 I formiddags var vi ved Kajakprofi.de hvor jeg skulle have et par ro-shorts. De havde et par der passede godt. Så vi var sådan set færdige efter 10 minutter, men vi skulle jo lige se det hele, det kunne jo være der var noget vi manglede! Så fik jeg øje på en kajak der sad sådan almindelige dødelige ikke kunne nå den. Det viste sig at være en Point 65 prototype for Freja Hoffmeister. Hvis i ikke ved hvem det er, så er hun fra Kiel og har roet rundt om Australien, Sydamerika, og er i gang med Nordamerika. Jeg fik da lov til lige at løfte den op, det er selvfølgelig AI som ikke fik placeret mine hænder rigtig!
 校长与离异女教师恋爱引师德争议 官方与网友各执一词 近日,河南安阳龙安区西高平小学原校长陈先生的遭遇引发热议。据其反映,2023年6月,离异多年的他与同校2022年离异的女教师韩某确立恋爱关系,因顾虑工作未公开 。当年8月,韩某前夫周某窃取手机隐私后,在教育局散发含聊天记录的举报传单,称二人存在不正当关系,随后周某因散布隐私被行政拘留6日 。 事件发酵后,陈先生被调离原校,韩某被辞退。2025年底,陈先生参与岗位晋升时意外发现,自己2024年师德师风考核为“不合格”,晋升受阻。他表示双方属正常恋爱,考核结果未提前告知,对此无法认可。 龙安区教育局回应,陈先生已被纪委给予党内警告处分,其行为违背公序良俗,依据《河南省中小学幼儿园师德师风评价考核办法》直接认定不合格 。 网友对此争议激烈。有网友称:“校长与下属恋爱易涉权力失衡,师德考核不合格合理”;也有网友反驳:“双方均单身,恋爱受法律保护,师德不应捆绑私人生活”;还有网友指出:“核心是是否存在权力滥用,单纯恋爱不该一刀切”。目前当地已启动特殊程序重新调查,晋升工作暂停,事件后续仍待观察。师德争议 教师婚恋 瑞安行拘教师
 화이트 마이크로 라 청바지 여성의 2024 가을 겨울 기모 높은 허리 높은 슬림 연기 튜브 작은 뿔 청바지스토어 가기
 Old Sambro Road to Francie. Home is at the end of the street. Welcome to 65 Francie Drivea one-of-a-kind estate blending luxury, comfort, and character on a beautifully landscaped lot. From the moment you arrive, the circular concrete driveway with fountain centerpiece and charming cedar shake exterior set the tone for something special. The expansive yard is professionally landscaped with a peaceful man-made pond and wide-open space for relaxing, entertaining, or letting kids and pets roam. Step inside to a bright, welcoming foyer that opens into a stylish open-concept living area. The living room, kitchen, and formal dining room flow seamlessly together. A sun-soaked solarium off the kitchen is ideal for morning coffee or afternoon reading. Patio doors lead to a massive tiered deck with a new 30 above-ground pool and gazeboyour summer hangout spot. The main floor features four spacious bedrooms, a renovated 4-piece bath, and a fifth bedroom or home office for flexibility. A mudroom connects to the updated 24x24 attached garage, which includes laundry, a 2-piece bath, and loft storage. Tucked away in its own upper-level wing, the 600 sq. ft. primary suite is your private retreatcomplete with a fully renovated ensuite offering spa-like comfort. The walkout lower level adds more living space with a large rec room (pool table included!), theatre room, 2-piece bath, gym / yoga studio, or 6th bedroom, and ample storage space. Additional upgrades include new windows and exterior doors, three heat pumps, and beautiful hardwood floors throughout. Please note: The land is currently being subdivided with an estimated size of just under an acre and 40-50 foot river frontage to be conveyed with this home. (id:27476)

* * * * *

§ What you need to do: Copy out the full listing, exactly as it stands.

§ Answer for the task:
 I formiddags var vi ved Kajakprofi.de hvor jeg skulle have et par ro-shorts. De havde et par der passede godt. Så vi var sådan set færdige efter 10 minutter, men vi skulle jo lige se det hele, det kunne jo være der var noget vi manglede! Så fik jeg øje på en kajak der sad sådan almindelige dødelige ikke kunne nå den. Det viste sig at være en Point 65 prototype for Freja Hoffmeister. Hvis i ikke ved hvem det er, så er hun fra Kiel og har roet rundt om Australien, Sydamerika, og er i gang med Nordamerika. Jeg fik da lov til lige at løfte den op, det er selvfølgelig AI som ikke fik placeret mine hænder rigtig!
 校长与离异女教师恋爱引师德争议 官方与网友各执一词 近日,河南安阳龙安区西高平小学原校长陈先生的遭遇引发热议。据其反映,2023年6月,离异多年的他与同校2022年离异的女教师韩某确立恋爱关系,因顾虑工作未公开 。当年8月,韩某前夫周某窃取手机隐私后,在教育局散发含聊天记录的举报传单,称二人存在不正当关系,随后周某因散布隐私被行政拘留6日 。 事件发酵后,陈先生被调离原校,韩某被辞退。2025年底,陈先生参与岗位晋升时意外发现,自己2024年师德师风考核为“不合格”,晋升受阻。他表示双方属正常恋爱,考核结果未提前告知,对此无法认可。 龙安区教育局回应,陈先生已被纪委给予党内警告处分,其行为违背公序良俗,依据《河南省中小学幼儿园师德师风评价考核办法》直接认定不合格 。 网友对此争议激烈。有网友称:“校长与下属恋爱易涉权力失衡,师德考核不合格合理”;也有网友反驳:“双方均单身,恋爱受法律保护,师德不应捆绑私人生活”;还有网友指出:“核心是是否存在权力滥用,单纯恋爱不该一刀切”。目前当地已启动特殊程序重新调查,晋升工作暂停,事件后续仍待观察。师德争议 教师婚恋 瑞安行拘教师
 화이트 마이크로 라 청바지 여성의 2024 가을 겨울 기모 높은 허리 높은 슬림 연기 튜브 작은 뿔 청바지스토어 가기
 Old Sambro Road to Francie. Home is at the end of the street. Welcome to 65 Francie Drivea one-of-a-kind estate blending luxury, comfort, and character on a beautifully landscaped lot. From the moment you arrive, the circular concrete driveway with fountain centerpiece and charming cedar shake exterior set the tone for something special. The expansive yard is professionally landscaped with a peaceful man-made pond and wide-open space for relaxing, entertaining, or letting kids and pets roam. Step inside to a bright, welcoming foyer that opens into a stylish open-concept living area. The living room, kitchen, and formal dining room flow seamlessly together. A sun-soaked solarium off the kitchen is ideal for morning coffee or afternoon reading. Patio doors lead to a massive tiered deck with a new 30 above-ground pool and gazeboyour summer hangout spot. The main floor features four spacious bedrooms, a renovated 4-piece bath, and a fifth bedroom or home office for flexibility. A mudroom connects to the updated 24x24 attached garage, which includes laundry, a 2-piece bath, and loft storage. Tucked away in its own upper-level wing, the 600 sq. ft. primary suite is your private retreatcomplete with a fully renovated ensuite offering spa-like comfort. The walkout lower level adds more living space with a large rec room (pool table included!), theatre room, 2-piece bath, gym / yoga studio, or 6th bedroom, and ample storage space. Additional upgrades include new windows and exterior doors, three heat pumps, and beautiful hardwood floors throughout. Please note: The land is currently being subdivided with an estimated size of just under an acre and 40-50 foot river frontage to be conveyed with this home. (id:27476)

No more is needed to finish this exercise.